Change in (a) EPSs production, (b) Biofilm formation, and (c) Flocculation in tested MAMs, in response to various temperatures. Bars with same uppercase letter for each bacteria species are not significantly different at P ≤ 0.05 in same temperature conditions, whereas bars with same lowercase letter for each bacteria species are not significantly different at P ≤ 0.05 in different temperature conditions.

Significant biofilm formation was observed in this study at 37°C in B. tropicus and P. pasadenensis, consistent with their EPS production (Fig. 1b). No biofilm formation was observed at extreme temperatures for all strains, which may suggest their limited adaptability beyond optimal conditions.

In addition, flocculation activity remained stable between 30°C and 37°C, as moderate temperatures support microbial metabolism and enzyme activity essential for flocculation. Fig. 1(c) reveals that B. cereus and B. thuringiensis exhibited the highest flocculation activity (P < 0.05) under an optimal temperature of 30°C compared to the other bacteria tested in this study (Fig. 1c). Flocculation activity declined at higher temperatures.

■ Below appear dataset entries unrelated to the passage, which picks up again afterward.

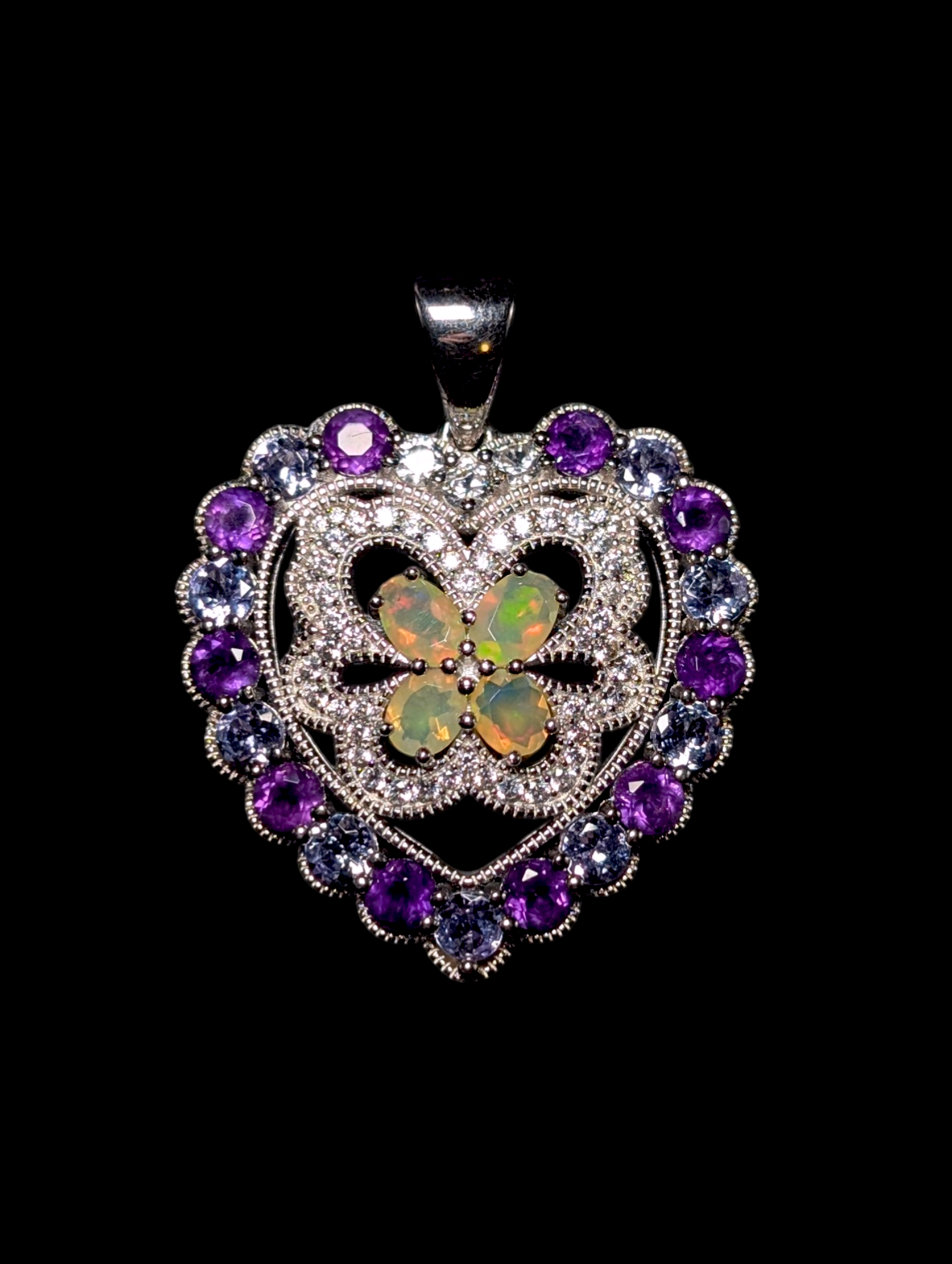 Vintage Butterfly and Heart Genuine Ethiopian Opal, Amethyst, Tanzanite and White Topaz Halo Sterling Silver Pendant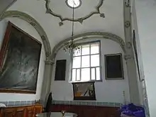 Sencilla, decorada con pinturas virreinales, y muros blancos, 2 bóvedas con linternilla, decoradas con chapa de oro, así como muebles con detalles franciscanos, 3 credencias y una mesa con Acetres.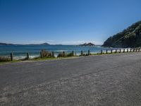A breathtaking view of a coastal landscape with an azure lake, lush vegetation, and majestic mountains in the background. The clear blue sky and puffy white clouds add to the beauty of the scene. A winding road surface made of asphalt leads to the lake, providing a perfect route for recreational activities. The dirt and gravel surface near the lake's bank is ideal for nature enthusiasts to explore and enjoy the open space. A wooden fence separates the lake from the beach, providing a safe and picturesque environment for visitors. The tar road on the horizon offers a glimpse of civilization in this serene natural setting.

B. cereus emerged as the most temperature-tolerant among the MAMs studied. This was evidenced by its consistent EPS production, biofilm formation, and flocculation activity across various temperature conditions. B. thuringiensis also demonstrated some level of tolerance, particularly in biofilm formation and flocculation activity at the optimal temperature of 30°C. However, its performance significantly decreased at higher temperatures (37°C).

Conversely, E. cloacae exhibited high flocculation activity under cold conditions (4°C) but showed lower tolerance to higher temperatures. P. pasadenensis and B. tropicus displayed some tolerance under specific conditions but were generally less consistent compared to B. cereus. Overall, B. cereus was identified as the most temperature-tolerant bacterium among those tested, while E. cloacae and B. thuringiensis showed varying degrees of intolerance to temperature extremes.

3.2 Exopolysaccharide production, biofilm formation, and flocculation activity of MAMs under extreme salinity conditions

Salt levels in agricultural soil systems, including irrigation water, can cause salinity stress to crops and beneficial microbes used in biofertilizers.

Under salinity stress (0.5 M and 1.0 M NaCl), none of the bacterial strains demonstrated significant EPS production (Fig. 2a). This may be due to alternative survival adaptations, which support osmotic balance. EPS typically facilitates salinity tolerance by binding Na⁺ and maintaining ionic balance, but the lack of EPS in this study may suggest other protective mechanisms.

Change in (a) EPSs production, (b) Biofilm formation, and (c) Flocculation in tested MAMs, in response to different salinity concentrations. Bars with same uppercase letter for each bacteria species are not significantly different at P ≤ 0.05 under the same salinity concentration, whereas bars with same lowercase letter for each bacteria species are not significantly different at P ≤ 0.05 under different salinity concentrations.
Fig. 2.
Change in (a) EPSs production, (b) Biofilm formation, and (c) Flocculation in tested MAMs, in response to different salinity concentrations. Bars with same uppercase letter for each bacteria species are not significantly different at P ≤ 0.05 under the same salinity concentration, whereas bars with same lowercase letter for each bacteria species are not significantly different at P ≤ 0.05 under different salinity concentrations.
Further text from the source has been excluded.